La pagina dei Libri. Il Grand Tour dell’Italia

2 Marzo 2026

La pagina dei Libri. Il Grand Tour dell’Italia

di Mimmo Nunnari

Un Grand Tour, su e giù per l’Italia, in compagnia di grandi narratori internazionali: da Thar Ben Jelloun, scrittore marocchino che vive a Parigi da decenni, che scrive di Portofino, al rumeno Mircea Caˇrtaˇrescu, che ambienta la sua storia a Firenze, al greco Petros Markaris che racconta di un gruppo di greci che sbarca ad Agrigento per festeggiare la giornata mondiale della lingua greca, a Peter Cameron, americano del New Jersey, noto al grande pubblico per  il libro “Un giorno questo dolore ti sarà utile”, che si sofferma su Capri; fino ad altri scrittori (in tutto sono dodici) che elenchiamo, con tra parentesi il nome della città di cui si sono occupati: Edward Carey (Alberobello), Michael Cunningham (Venezia), Kamel Daoud ( Palermo) , Jeffery Deaver, (Milano), Anne Enright (Taormina), Jonathan Galassi ( Siracusa), Andrew Sean Greer ( Firenze), Lorrie Moore (Napoli).

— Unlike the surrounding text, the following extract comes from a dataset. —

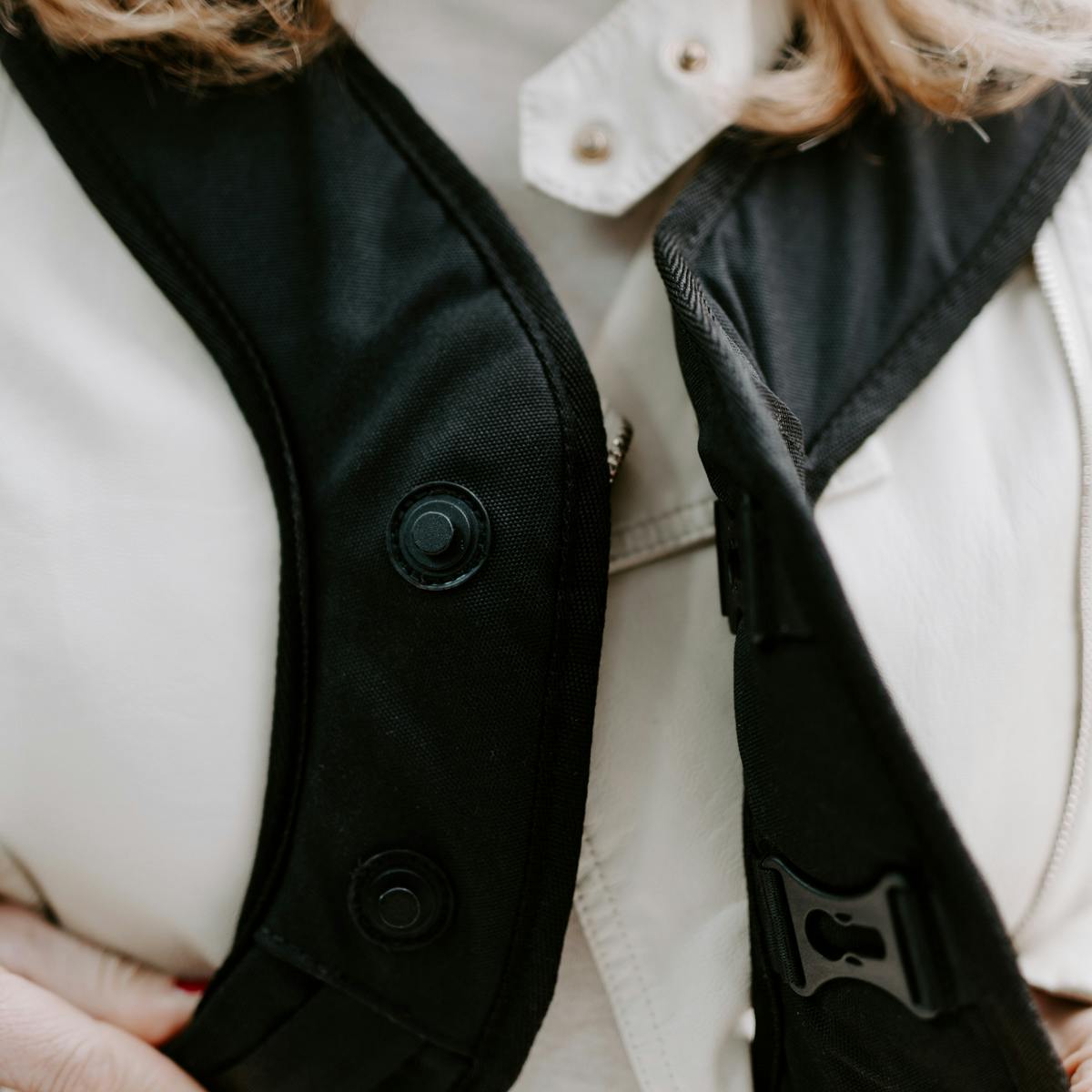 - 2. 左ストラップを右ストラップに被せるようにし、胸の中央で閉じます。

Dodici scrittori, per dodici racconti: nasce così “Invito al viaggio” (La Nave di Teseo, pagine 192, euro 19), volume omaggio all’Italia raccontata da grandi voci della letteratura mondiale; un invito – “colto” – a scoprire o riscoprire luoghi che ci sono più o meno familiari, attraverso “letture” affascinanti. Un’immersione totale nella bellezza e nella storia del paese del Rinascimento, della cultura classica, delle atmosfere mediterranee e cosmopolite.

Un invito all’epica, riscontriamo nel racconto di Anne Enright, quando descrive lo scenario dell’antico teatro greco di Taormina (il secondo più grande in Sicilia, dopo quello di Siracusa) , immaginando le grandi opere rappresentate in quel luogo, a partire dal III secolo a. C. ,  con il grande pubblico che accorreva per le commedie e le farse; mentre Jonathan Galassi, vagabondando per Siracusa incontra la Fonte Aretusa, una delle più celebri sorgenti del mondo antico, testimonianza di una leggenda romantica, che ricorda l’amore tra il dio del fiume Alfeo e la ninfa Atetusa.

Visitando Palermo, l’algerino Kamel Daoud, s’interroga invece se il Mediterraneo esiste ancora, e dice di sì: “Sì; scorre sotterraneo dentro le pietre di Palermo, ne sono certo. Se per miracolo la città dovesse tacere in un fatale momento, sentiremmo il mormorio di tutti quelli che l’hanno abitata attraverso i secoli e che vi ritornano dopo essere nati altrove”.

Ogni città, evocata dalla voce di un grande autore, nel libro prende vita con la propria umanità, si mostra con quei colori mediterranei che rallegrano anche chi la vive quotidianamente quella città. La Napoli di Lorrie Moore, romanziera statunitense, vincitrice dell’IrishTimes International Prize for Literature, è “la porta per il Sud Italia”: ha il fascino della città magnetica, con tutto il gioco di luci e ombre che è parte della vita dei napoletani. Moore, nel suo racconto ricorda che una volta Vittorio De Sica descrisse la risata di Anna Magnani come forte, prepotente e dolorosa; e lo stesso – dice la scrittrice – si potrebbe dire di Napoli: “C’è una nostalgia malinconica nella sua sguaiataggine”. “Invito al viaggio”, in luoghi da secoli amati da stranieri e dagli italiani, è, prima di tutto, grazie agli speciali narratori, un’immersione nella bellezza della parola.